The ideal in a multitrack framework is to have each track record only
a single, isolated instrument, but in practice this happens only when
the sounds are recorded at different times, in acoustically isolated
booths, or not by microphones at all (i.e. by guitar pickups or from
synthesizers, drum machines, et al). Even if you use a purist
recording technique, e.g. a single coincident-cardioid or dummy-head
binaural rig, the phase relationships between the various sources will
vary dramatically depending on where you put the microphones. As most
any symphonic recording engineer can attest, the placement of these
purist rigs not only alters the final product substantially, but is in
fact critical to the capture of a listenable, balanced, well-defined
recording (though phase per se is only a small piece of the
explanation for why this placement is critical).

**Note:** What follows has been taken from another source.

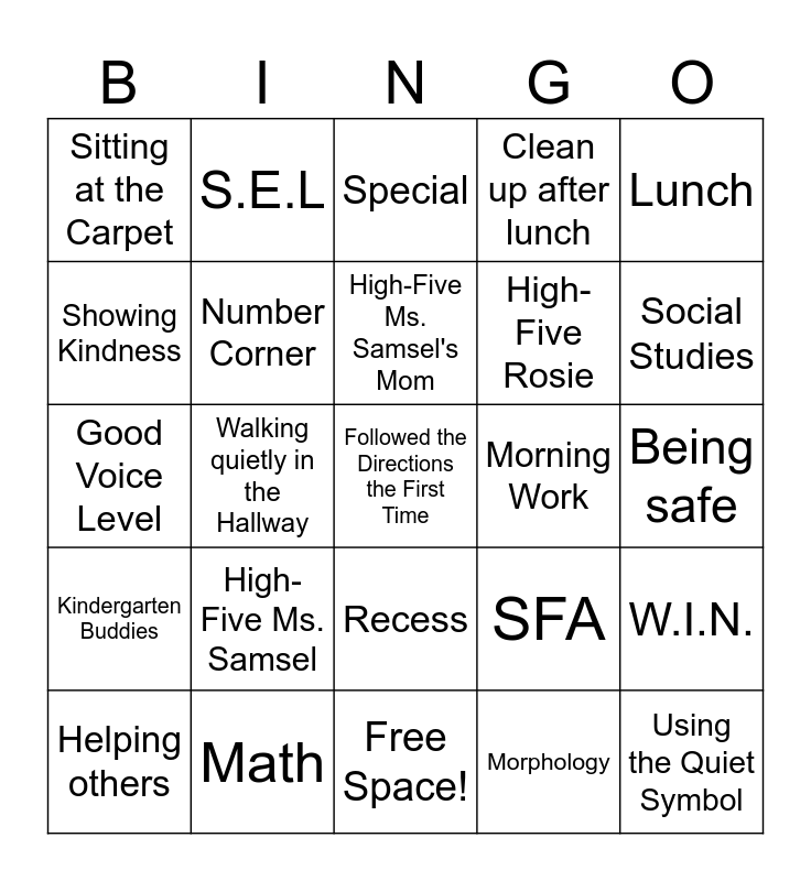 This bingo card has 25 words: Kindergarten Buddies, Math, Followed the Directions the First Time, Morphology, Lunch, Sitting at the Carpet, S.E.L, Special, Morning Work, W.I.N., Showing Kindness, Number Corner, Free Space!, SFA, Social Studies, Helping others, Walking quietly in the Hallway, High-Five Ms. Samsel's Mom, High-Five Rosie, Being safe, Good Voice Level, High-Five Ms. Samsel, Recess, Clean up after lunch and Using the Quiet Symbol.

In a multitrack environment, you could veritably lose your mind if
your console gave you the ability to dial in delays with
sub-millisecond accuracy on each channel to permit tweaking of
coherency. Compare to the procedure an optometrist uses to measure
your eyes - but instead of 3 axes and two eyes, there are now 3 axes
(delay, eq, and soundstage placement (comprising relative amplitude,
panning, etc)) and over a dozen eyes which must be carefully
configured with respect to eachother. Some day, probably not far off,
the process of demuxing the signals captured by mic's in controlled
live-ensemble studio session will be automated (n sources and n
microphones is a solvable system algebraically - the sources can, in
theory, be perfectly isolated, provided the precise (within less than
a centimeter X/Y/Z) locations of all sources, walls, and microphones
are known, and their characteristics of spectral reflection and
transmission are also known).
But wait, there's more. The various processing boxes - distortion
boxes, eq's, guitar cabinets, harmonizers, pitch shifters, etc. - all
wreak havoc with phase relationships within a single channel. This is
the territory of group delay and such - and furthermore, the territory
of potential euphony and potential earbleed. Phase *accuracy* is not
even relevant to synthesizers as such, except in the case of
manipulated samples with an acoustic origin.

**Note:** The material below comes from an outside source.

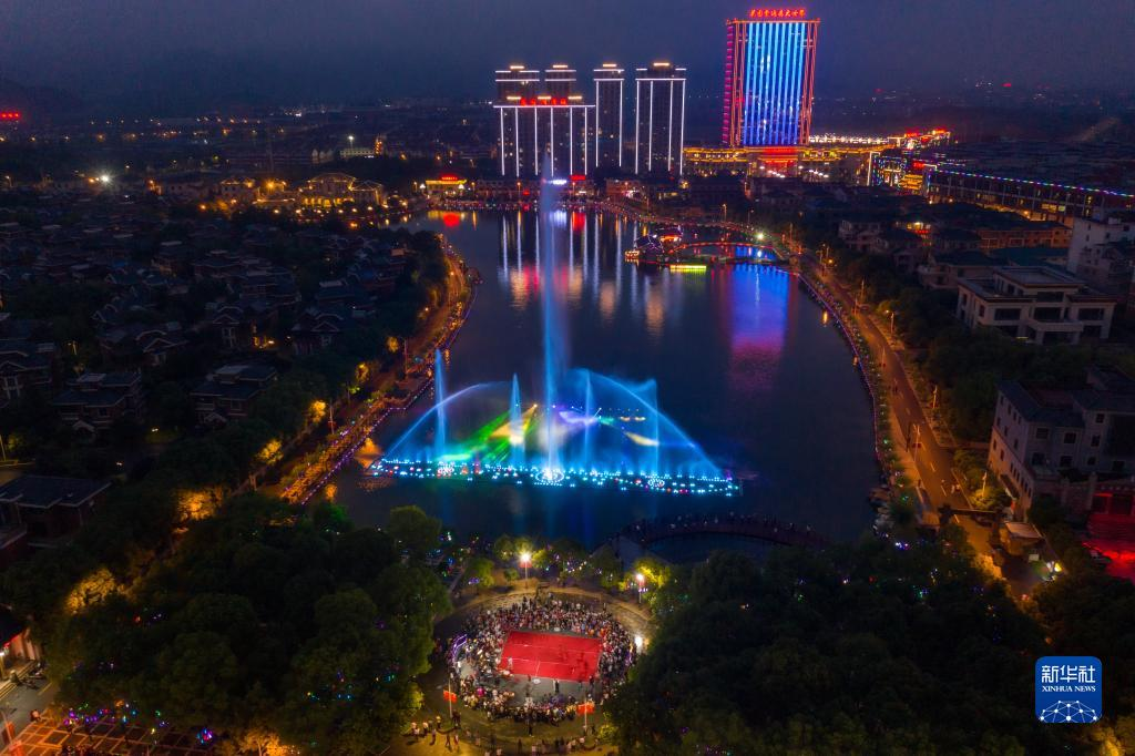 這是2021年6月4日拍攝的浙江省東陽市花園村夜景(無人機(jī)照片)。新華社記者 徐昱 攝

High-end digital reverberators - stuff from the likes of Lexicon and
Yamaha - are successful at rendering a soundspace because they
carefully preserve the phase, placement, and spectral contouring of
each discrete synthesized reflection. The fact that such anal
retentivity is prerequisite for a convincing illusion of soundspace
hints at the largely neglected importance of phase relationships in
mixdown.
In the next ten years, some very exciting and truly revolutionary
changes will be seen in the way high-end multitrack production is
done.
-Daniel Pouzzner
System Architect